Mission en Europe - Marois vante le Québec à Monaco

En mission diplomatique européenne depuis deux jours, Pauline Marois a abordé l’identité québécoise et la souveraineté samedi à Monaco, avec d’autres dirigeants, dont le ministre français des Affaires étrangères, Laurent Fabius.

En point de presse, samedi soir, Mme Marois a dit que les autres politiciens lui parlaient peu de souveraineté, et que le sujet venait plutôt d’elle. Elle leur a dit qu’en tant que chef d’un gouvernement minoritaire, il lui était difficile d’aborder cette question, rapporte Radio-Canada.

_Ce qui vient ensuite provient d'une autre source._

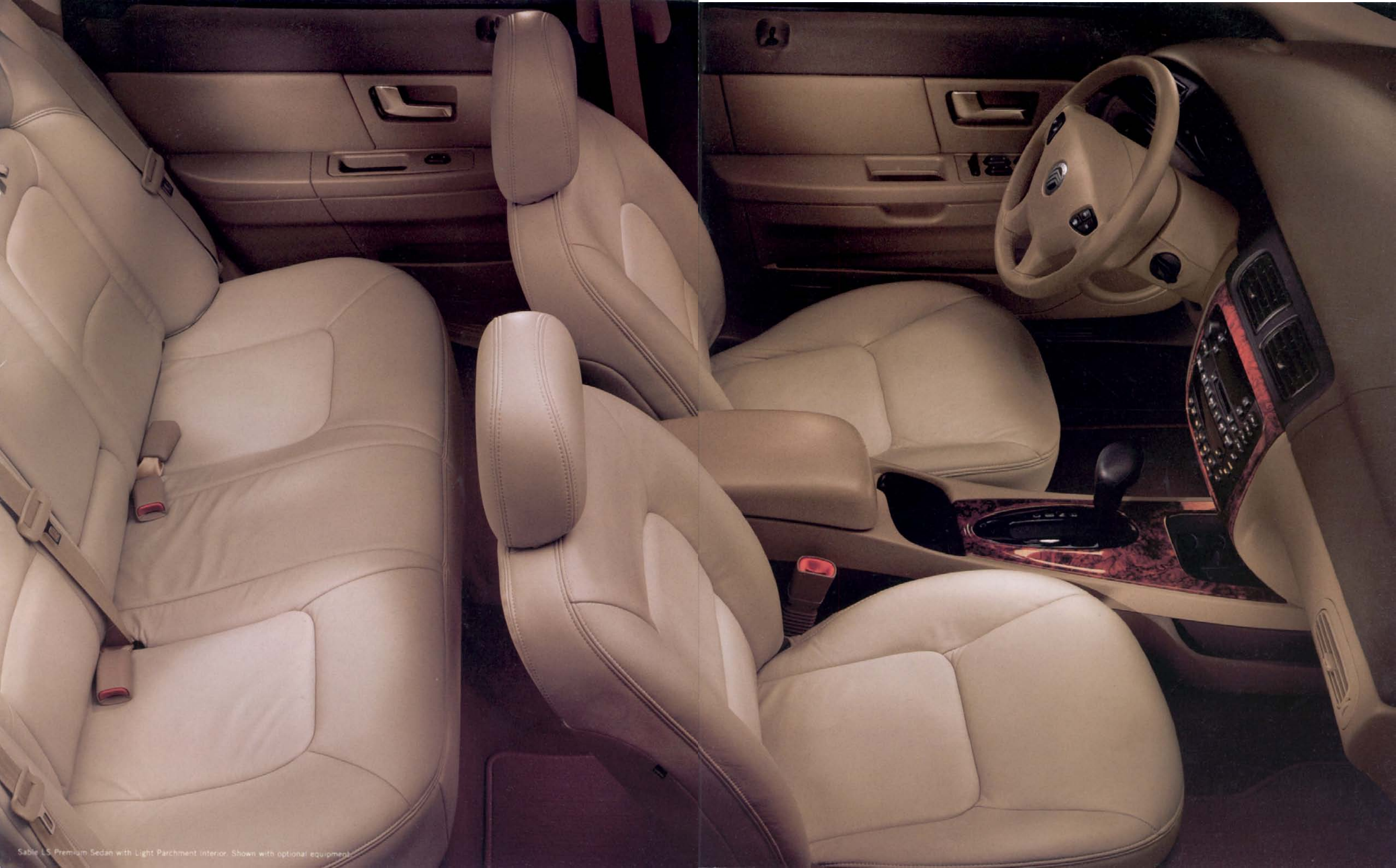
Sable L5 Premium Sedan with Light Parchment interior. Shown with optional equipment.
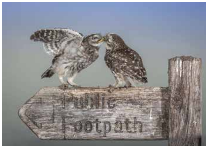
Sue Critchlow ARPS DPAGB EFIAP BPE5* Southport PS (L&CPU) “Little Owl Feeding Chick”
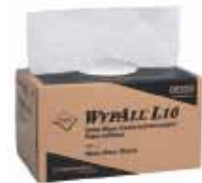
Part No. 05320

Part No. 05322 - Pop-Up 12" x 10.5", qty 125/bx; 18bx/cs
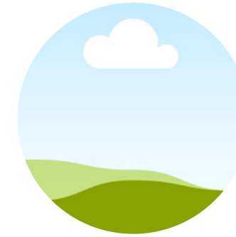
Vacant Principal Librarian: Metadata & Quality Assurance
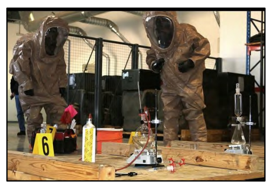
Colorado National Guard members demonstrate CBRN capabilities with their SPP partner in Jordan
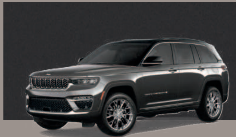
Baltic Grey Metallic

Le porte-parole de l’opposition officielle pour le Secrétariat aux affaires intergouvernementales canadiennes, Pierre Moreau, a réagi à La Presse canadienne, s’insurgeant sur le fait que la première ministre avait répondu à une question portant sur l’indépendance à l’étranger. « Je pense que ce n’est pas son mandat [de parler de souveraineté à l’étranger]. Mme Marois fait partie d’un gouvernement minoritaire qui n’a pas eu le mandat de faire la souveraineté, a-t-il affirmé. Lorsqu’on travaille pour faire sortir le Québec du Canada, on travaille pour détruire le Canada. »

« Nous ne voulons pas détruire rien, nous voulons nous assumer, et en nous assumant, je crois que nous aurons des relations plus saines avec le reste du Canada », a répondu Mme Marois.

Échanges commerciaux

Invitée à s’exprimer lors d’un déjeuner-débat de la World Policy Conference, un forum international réunissant des personnalités des milieux politique et économique, Mme Marois a évoqué le Québec comme l’« expression politique de l’expérience francophone en Amérique » et a notamment présenté sa stratégie d’électrification des transports.

Elle a évoqué la diversification de l’activité économique du Québec, et la vision de son gouvernement en matière de solidarité, d’économie sociale, de lutte aux changements climatiques et de développement durable.

Elle a de plus indiqué que le Québec était en faveur du libre-échange. Selon ce que rapporte Radio-Canada, le ministre Fabius lui a indiqué, en marge de la conférence, qu’il fallait que les échanges commerciaux entre la France et le Québec, présentement en baisse, augmentent.

La première ministre poursuit sa mission européenne à Bruxelles. Lundi, elle y rencontrera des décideurs politiques et du milieu des affaires.